VOULOIR PLUS D’ARGENT… SANS SE JUSTIFIER, NI SE COMPARER

VOULOIR PLUS D’ARGENT… SANS SE JUSTIFIER, NI SE COMPARER

Vouloir plus d’argent, plus d’espace, plus de liberté reste souvent chargé d’un poids subtil. Comme si ce désir devait être expliqué, légitimé ou comparé à celui des autres. Et si le véritable acte de maturité financière consistait justement à vouloir plus… sans se justifier, ni se mesurer à autrui !?

Le réflexe de la justification

Chez beaucoup de femmes, le désir d’expansion s’accompagne presque automatiquement d’une explication. Vouloir plus, oui, mais pour de bonnes raisons. Pour la famille, pour la sécurité, pour l’avenir. Comme si le simple fait de désirer davantage ne suffisait pas. Cette justification permanente agit comme une manière de rendre le désir acceptable, socialement et affectivement. Pourtant, à force de se justifier, le désir se fragilise et perd de sa puissance.

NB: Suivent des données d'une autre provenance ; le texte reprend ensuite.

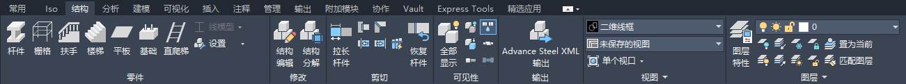 “结构”选项卡显示用于处理结构的选项。此选项卡包括以下面板:

La comparaison comme mécanisme de régulation.

La comparaison s’invite souvent au moment précis où l’on commence à vouloir plus. Regarder ce que gagnent les autres, ce qu’elles osent, ce qu’elles réussissent. Se sentir soit trop ambitieuse, soit pas assez. La comparaison n’est pas anodine : elle permet de rester dans une norme, d’éviter de se singulariser. Mais elle déplace l’attention de l’intérieur vers l’extérieur et empêche de sentir ce qui est juste pour soi.

Photo @HannaZhyhar

Vouloir plus sans devenir “trop”

Derrière la peur de vouloir plus se cache souvent celle de devenir excessive, égoïste, rigide ou déconnectée. Comme si l’ambition devait nécessairement éloigner du féminin, du lien, de la douceur. Cette croyance pousse à tempérer ses élans, à lisser ses désirs. Or, vouloir plus ne signifie pas renier ses valeurs. Cela peut au contraire être une façon plus mature de les incarner, avec clarté et responsabilité.

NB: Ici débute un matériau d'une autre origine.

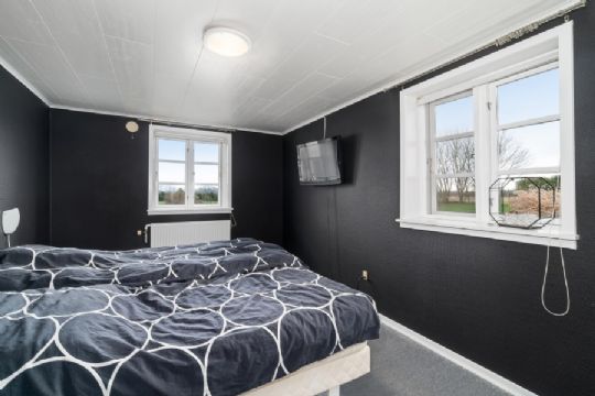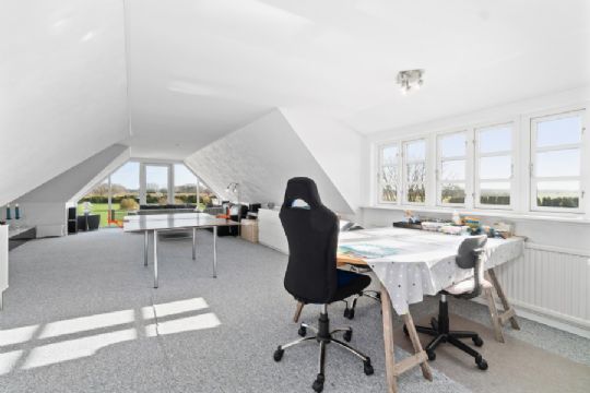 På førstesalen er endnu et værelse samt endnu en stue - her med anseelige glaspartier.

Le passage vers une autorité intérieure.

S’autoriser à vouloir plus sans se justifier, ni se comparer, marque un basculement intérieur. Ce n’est plus le regard des autres qui valide le désir, mais une écoute plus fine de soi. Ce passage ne demande pas de forcer, mais de reconnaître que le désir d’expansion est une information, pas une faute. Lorsqu’il est accueilli sans explication ni mesure extérieure, il devient stable, ancré, moins dépendant des fluctuations émotionnelles.

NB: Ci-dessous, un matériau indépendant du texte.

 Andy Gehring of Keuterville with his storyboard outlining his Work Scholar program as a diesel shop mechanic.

Vouloir est un mouvement naturel, vivant, qui cherche à s’exprimer. Se libérer de la justification et de la comparaison, c’est sortir de la culpabilité pour entrer dans une relation plus mature à l’argent. Une relation où le désir n’est plus négocié, mais reconnu. Et où l’expansion devient un choix conscient, aligné, profondément personnel.